■ TASK DIRECTIONS:
Look through the data below and output, unchanged, every line from the one holding "英氏儿童马甲春秋新国风男童女童牛仔外套2025新款YRWHJ1R027A" through the one holding "- Cambia a modo", inclusive. Skip the pictures.

BEGIN EXCERPTED DATA

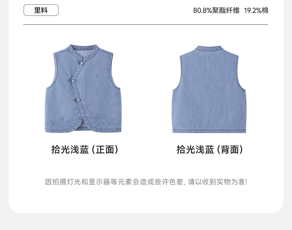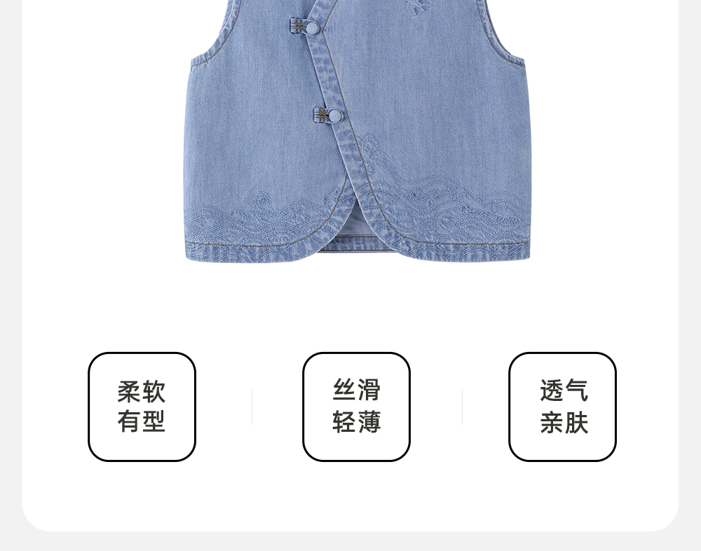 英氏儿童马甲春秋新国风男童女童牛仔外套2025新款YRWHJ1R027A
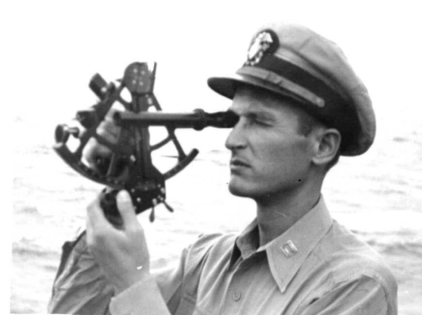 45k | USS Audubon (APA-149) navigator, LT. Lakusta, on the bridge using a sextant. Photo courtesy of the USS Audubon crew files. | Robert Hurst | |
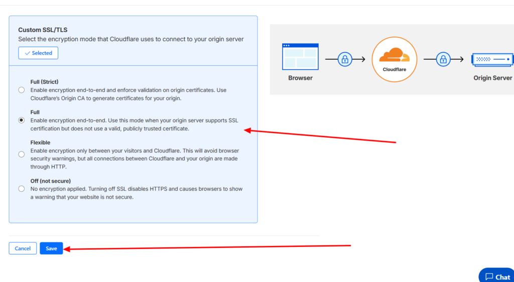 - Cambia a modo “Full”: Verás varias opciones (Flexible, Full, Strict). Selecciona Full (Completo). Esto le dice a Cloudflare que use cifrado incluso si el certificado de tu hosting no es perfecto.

END EXCERPTED DATA
BEGIN EXCERPTED DATA

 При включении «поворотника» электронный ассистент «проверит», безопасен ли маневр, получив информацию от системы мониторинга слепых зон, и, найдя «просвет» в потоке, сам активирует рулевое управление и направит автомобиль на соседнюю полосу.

END EXCERPTED DATA
BEGIN EXCERPTED DATA

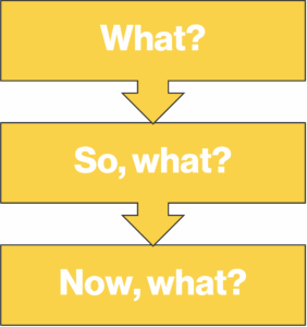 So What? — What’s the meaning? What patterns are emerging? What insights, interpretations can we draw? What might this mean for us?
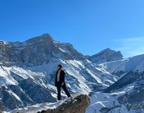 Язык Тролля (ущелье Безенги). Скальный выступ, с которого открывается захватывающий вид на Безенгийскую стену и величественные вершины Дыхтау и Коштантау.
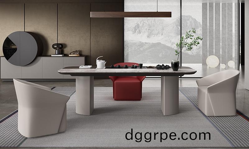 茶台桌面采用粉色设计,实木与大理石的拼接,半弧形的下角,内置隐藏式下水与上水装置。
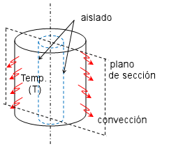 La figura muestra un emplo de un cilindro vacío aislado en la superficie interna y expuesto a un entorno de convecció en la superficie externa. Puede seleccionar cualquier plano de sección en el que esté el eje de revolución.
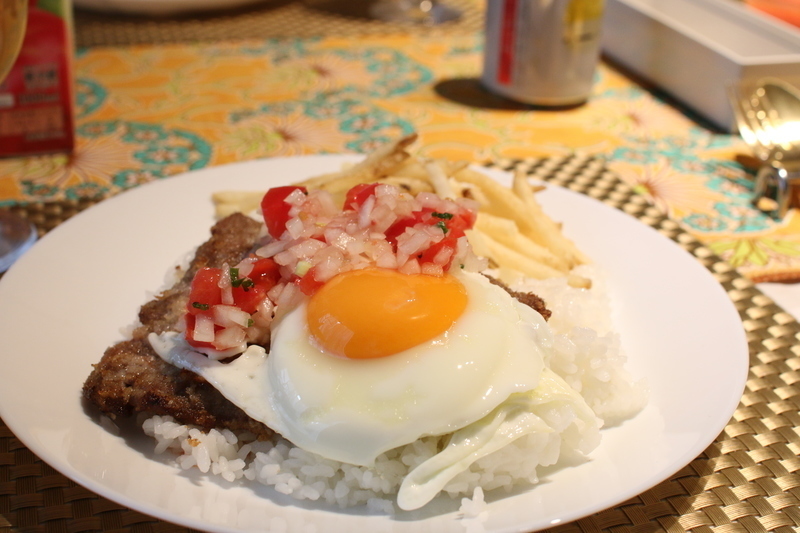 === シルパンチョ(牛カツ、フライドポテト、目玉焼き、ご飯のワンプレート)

END EXCERPTED DATA

■ EXERCISE OUTPUT:
 英氏儿童马甲春秋新国风男童女童牛仔外套2025新款YRWHJ1R027A
 45k | USS Audubon (APA-149) navigator, LT. Lakusta, on the bridge using a sextant. Photo courtesy of the USS Audubon crew files. | Robert Hurst | |
 - Cambia a modo “Full”: Verás varias opciones (Flexible, Full, Strict). Selecciona Full (Completo). Esto le dice a Cloudflare que use cifrado incluso si el certificado de tu hosting no es perfecto.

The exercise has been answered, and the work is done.